August 6, 2015 at 6:13 pm

Thanks for sharing your path to DAX efficiency.

October 14, 2015 at 9:34 am

Hello, I have the following problem:

My table has Prices, Products, Dates and Stores. Something like a price history.

What I need is to find latest price for every store (provided the price falls into given filter Date context) and return the average for such latest prices.

LASTDATE and LASTNONBLANK don´t seem to work because without Store context they always return latest available date and Stores where I dont have price for that date are skipped.

Thank you

Martin

October 15, 2015 at 12:18 am

Hi Martin

It is difficult to give advice without seeing the data model. I suggest you prepare a sample workbook that has data in the structure you are using, and then post the question along with the sample workbook on https://powerpivotforum.com.au

October 15, 2015 at 5:18 am

Hi Matt, I did as you said, thank you.

August 1, 2017 at 9:19 pm

Hi Matt, I’ll try to give it shot to put in practice what I have learned from you, the italians and Rob.
Hi Martin, because you need the latest price for every store and the average price for all stores, the following DAX query computes only those values which you can see in a pivot table with Store on Rows, AveragePrice on Values (LastPrice for every Store) and the AveragePrice for all Stores in the Total row. I have not taken into account the Products column given that you don’t need average prices by product. You can test this DAX query on DAX Studio and use it to create the measure “AveragePrice”. If you use a Slicer to filter the pivot table by Dates it will show you the last price for every store and the average of all stores that had sales on that date. If you don’t filter by dates you will have the last date and average price of the last date that each store had sales. Hope this is what you requested.

EVALUATE
ROW(“AveragePrice”,
AVERAGEX(
ADDCOLUMNS(
SUMMARIZE(
Data,
Data[Store]
),
“LastDate”,LASTDATE(Data[Dates]),
“LastPrice”,LASTNONBLANK(Data[Prices],1)),
[LastPrice]))

November 18, 2015 at 5:34 pm

I followed your pattern on Same Store Sales to create a model that compares CY and LY employee hours only for instances where CY & LY are both 0 for a given month for data that is already aggregated at a month level. When using the ADDCOLUMNS and SUMMARIZE pattern, I got an error that I doubt you would encounter with store sales. In my employee hours data, sometimes an employee’s hours will drop to zero in the midst of non-zero hours in the months before and after (the employee goes on leave or something similar). I get the non-contiguous dates error in the calculation of the LY measure. I believe this is due to non-contiguous dates being passed back to the CALCULATE function by the filter as the date for the zero-month data is abruptly dropped out. I wonder if you get the same error if you happen to change a the sales from one store to zero in a period where there are sales before and after (i.e. all of the sudden, sales just drop to zero). I’ve been struggling to find a workaround. I have not tried your other SUMX patterns presented here, but wonder if any simple solutions come to mind.

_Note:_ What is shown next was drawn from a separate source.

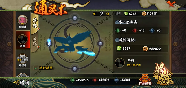 此外,在角色等级达到120级,并成功解锁通灵兽乌鸦后,还将开启通灵兽的进阶系统。消耗声望、培养石、铜币即可将通灵兽进阶,解锁对应天赋,提升战力。

November 19, 2015 at 6:58 pm

Robert

Hard to help you without the entire picture. I am only aware of non-contiguous issues when using inbuilt time intelligence functions such as TOTALYTD. If this is the issue, then switching to a GFITW solution (search on Rob’s site) should fix the problem. Otherwise feel free to create a sample workbook and post at https://powerpivotforum.com.au to see some specific help.

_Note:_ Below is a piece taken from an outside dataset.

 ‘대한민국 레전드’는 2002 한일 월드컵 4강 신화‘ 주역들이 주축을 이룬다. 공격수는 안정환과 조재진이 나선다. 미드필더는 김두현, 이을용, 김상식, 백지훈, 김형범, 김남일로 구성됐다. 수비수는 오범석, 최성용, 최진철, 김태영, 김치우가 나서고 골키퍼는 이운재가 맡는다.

January 13, 2016 at 8:51 am

Thanks for sharing the insight Matt. I am however facing a problem while trying to calculate the same store growth rate (SSG) i.e. % of increase (or decrease) of current year sales over last year.

If i use the nested SumX method the table is filtered properly i.e. only those rows are visible where there was sales in current year as well as previous year. However the calculation in to row total is summation of individual SSG for months rather than the difference between the like to like sales of the 2 year.

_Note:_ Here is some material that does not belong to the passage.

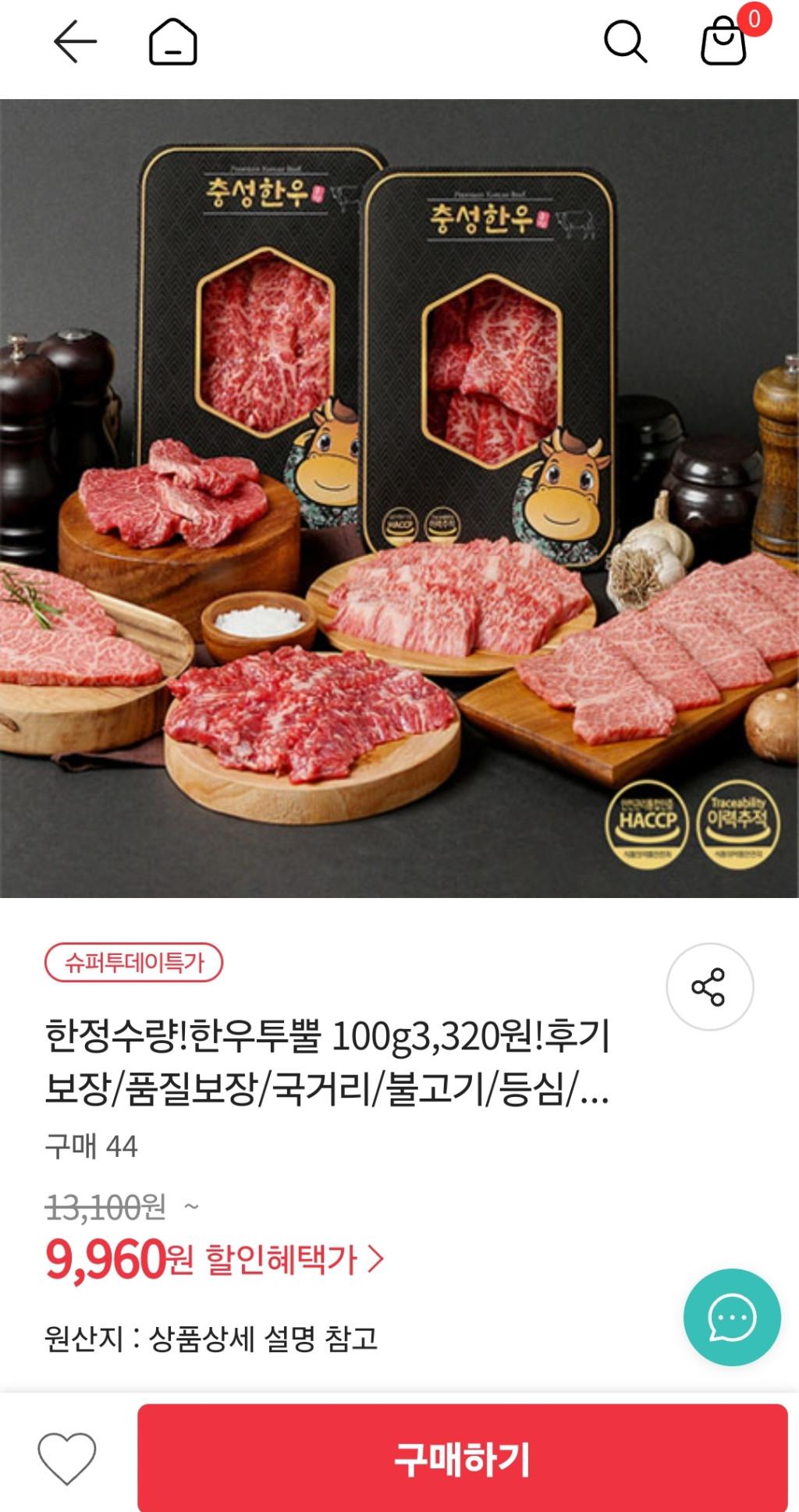 [위메프] 충성한우 1++등급 국내산 국거리 300g

If i use AddColumn & Summarize method then the row total problem is solved, however the data in SSG column also includes rows (i.e months) which did not have sales (either in current year or previous year or both years). The calculated value is -1 (or -100%).

How to solve this issue to show appropriate %age difference between the 2 columns created above (

January 13, 2016 at 5:12 pm

Hi Amit

How about you create a sample workbook showing what is currently happening and what you want at https://powerpivotforum.com.au

January 14, 2016 at 12:56 am

Hi Matt,

Thanks for the suggestion. Have uploaded a sample file on the https://powerpivotforum.com.au/viewtopic.php?f=6&t=270

June 4, 2017 at 7:38 pm

Hi
Just came across this article. I haven’t tried yet, but I think it will fit very well for a particular need I have. Regarding DAX studio, I tried to install it but it requires to pieces of software. It offers to download them, but then it fails (probably the links are old). Even if I install the software required (SQL Server 2016 ADOMD.NET and SQL Servver 2012 Analysis Management Objects, it still indicates that SQL Server 2012 Analysis Management objects is missing.
If somebody knows how to go around that, it will be greatly appreciated.

David

June 5, 2017 at 2:52 pm

Have you tried the support at daxstudion.codeplex.com?

June 5, 2017 at 6:24 pm

Hi Matt

Thanks, yes I reached out to them and the versions for the program needs to be the 2016 version. Downloaded it manually and then was able to install DAX Studio.

Regards

David

September 3, 2018 at 4:27 am

Hi Matt,

Thanks for this blog, really easy to follow and the exact issue I had last week (if only I’d read this then!!).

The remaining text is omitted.